で、1番恐ろしかったのが、その死んだ感染者たちをゴミ焼却場みたいなところにまるでクレーンキャッチャーのようにボロボロ落としながら、クレーンで掴んでばら撒き、積まれた死体の山を火炎放射器で焼くという…人間を人間とも思わない、あまりの扱いに愕然としてしまった。え?この国はディストピアかなんかですか?

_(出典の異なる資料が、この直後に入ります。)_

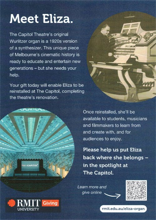 Information supplied by Neil C. Hunter and The Theatre Organ Society of Australia (Victorian Division) Inc
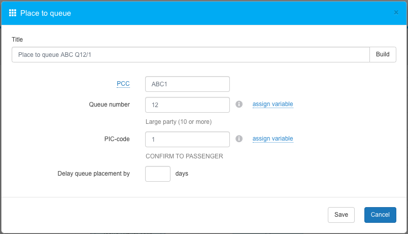 Specify destination OfficeID/PCC, Queue number and Category (optional)/PIC code.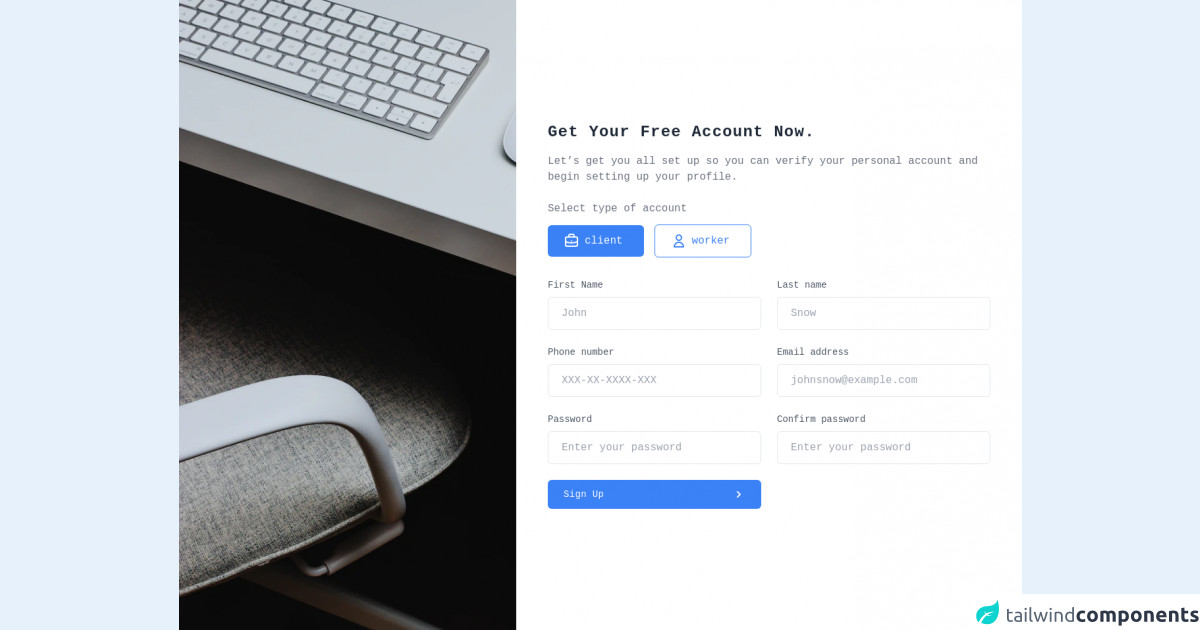 This article gathers a collection of Tailwind CSS Sign Up page components that you can use right now for your web project.

で、そんな中でチャン・ヒョク演じる救急隊員のジグと医者のイネ、そのイネの娘のミルがなんとか生き残ろうとするんだけど、まぁジグはいいやつ。ちょっと「海猿」じみた威勢のいい感じはありつつも、ちゃんと幼いミルを第一に考えつつ、ちゃんとそれ以外の市井の人々の窮地にも放って置けず助けにいっちゃう漢。ただ、今作のヒロイン、イネがまた問題で娘であるミルの感染が発覚しちゃって、そうなった後、PCR検査を掻い潜って、その事実を隠しちゃう。いや、わかるよお母さんだもん。ただ、やっぱその前に医者でしょーが!!我が子可愛さのあまりの自分勝手さに辟易してしまった。

まぁ、作り手もそれに対しては十分わかっているのか、そのミルがワクチン作成の鍵になるんだけどね。

あとは有名どころだと、韓国きってのクセメン俳優ユ・ヘジン(「スペース・スウィーパーズ」)が先輩救急隊員のコメディリリーフとして相変わらずの三枚目具合を発揮していい感じなんだけど、なんとあのマブリーことマ・ドンソク(「犯罪都市 THE ROUNDUP」)がなんとジグと敵対する政府側の人間として登場している!!いつもの「気は優しくて力持ち」キャラではなく、完全な悪役として立ち回るのですげぇ新鮮だった(ちなみにまだパンプアップする前なのか、割とほっそりしている)。

そんな感じでキャラクター面、特にイネ関連ではかなりモヤモヤが残る作りではあるんだけど、特に終盤にかけてエンタメ度が増してくるし、何より人間クレーンの絶望感と煉獄感を観るだけでも観る価値はある一本。